Antigen-specific IgA, IgG and IgG subclasses were analyzed by enzyme-linked immunosorbent assay (ELISA) as previously described [24]. Briefly, each well of a 96-well microtiter plates was coated overnight at 4°C with 100 μl peptide diluted in 0.05 M carbonate buffer (pH 9.6) at the optimal concentrations of 10 μg/ml for the AMA1, RON2 or RON4 groups, 12 μg/ml for the A1 + R2, A1 + R4 and R2 + R4 groups (6 μg/ml each peptide) or 15 μg/ml for the A1 + R2 + R4 and control groups (5 μg/ml each peptide). Murine sera diluted 1:300 in PBS was applied to the wells, and the plate was incubated at 37°C for 2 h, followed by the addition of goat anti-mouse IgG- or IgA-horseradish peroxidase conjugated antibody as a secondary antibody (Sigma), which was diluted 1:2000 or 1:1000. To analyze the subclasses, the sera were diluted 1:300, applied to the plates and developed with goat anti-mouse IgG1- or IgG2a-horseradish peroxidase conjugated antibody (Proteintech Group, Inc., USA) diluted at 1:2000. The results were expressed as OD492 using an ELISA plate reader and determined in duplicate for each serum sample from at least two independent ELISAs.
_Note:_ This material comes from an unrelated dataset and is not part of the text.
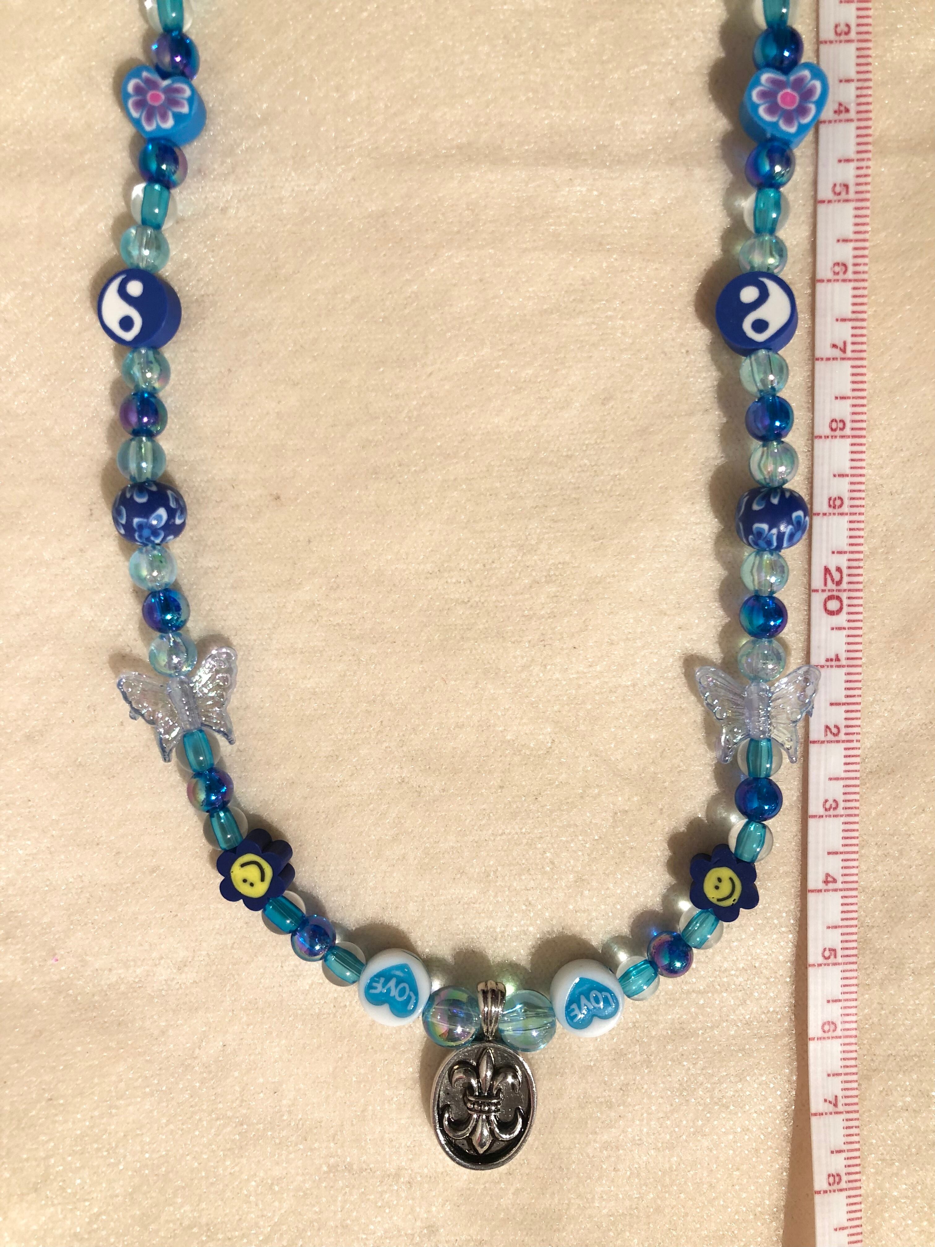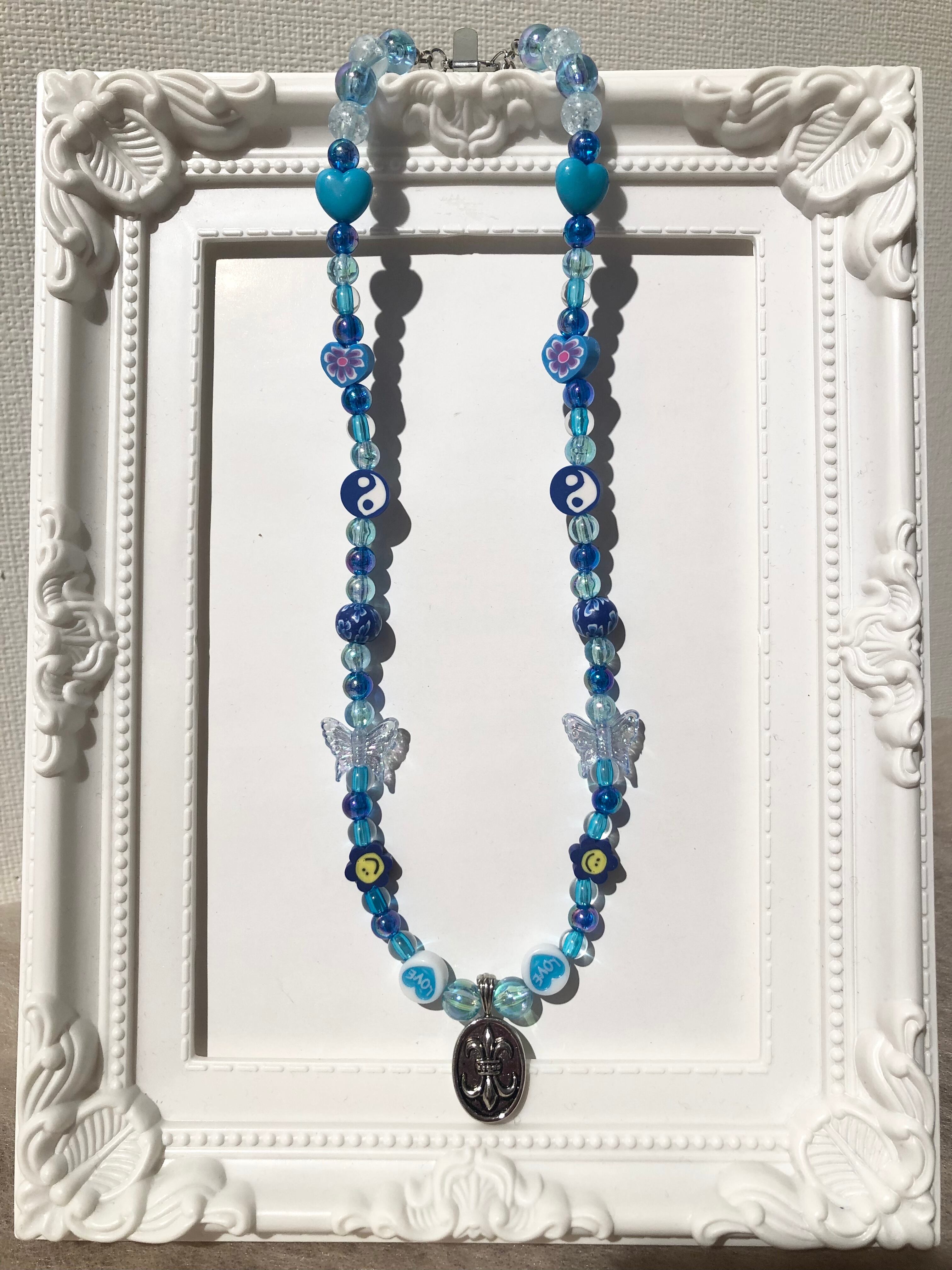 ブルービーズをベースに、ハート♡やスマイルビーズを組み合わせ、中央にチャームを付け、仕上げました!

Spleen cell proliferation assay

Spleen cell proliferation was assayed as previously described [25]. In brief, 5 × 105 cells per well were cultured in triplicate in 96-well plates containing RPMI-1640 medium supplemented with penicillin-streptomycin (1 mM) and 10% fetal calf serum (FCS). The culture was stimulated with either 10 μg/ml of peptide, 5 μg/ml of concanavalin A (Con A) as a positive control or medium alone for proliferation. The plates were incubated in 5% CO2 at 37°C for 4 days. Next, 10 μl of CCK-8 reagent (Dojindo Laboratories, Japan) was added to each well, and the plate was incubated for 3 h. The optical density was then determined at 450 nm using an ELISA reader. The spleen cell proliferative responses were quantitated using a stimulation index (SI), which was calculated as the ratio of the average OD450 of the stimulated cells to the average OD450 of the unstimulated cells.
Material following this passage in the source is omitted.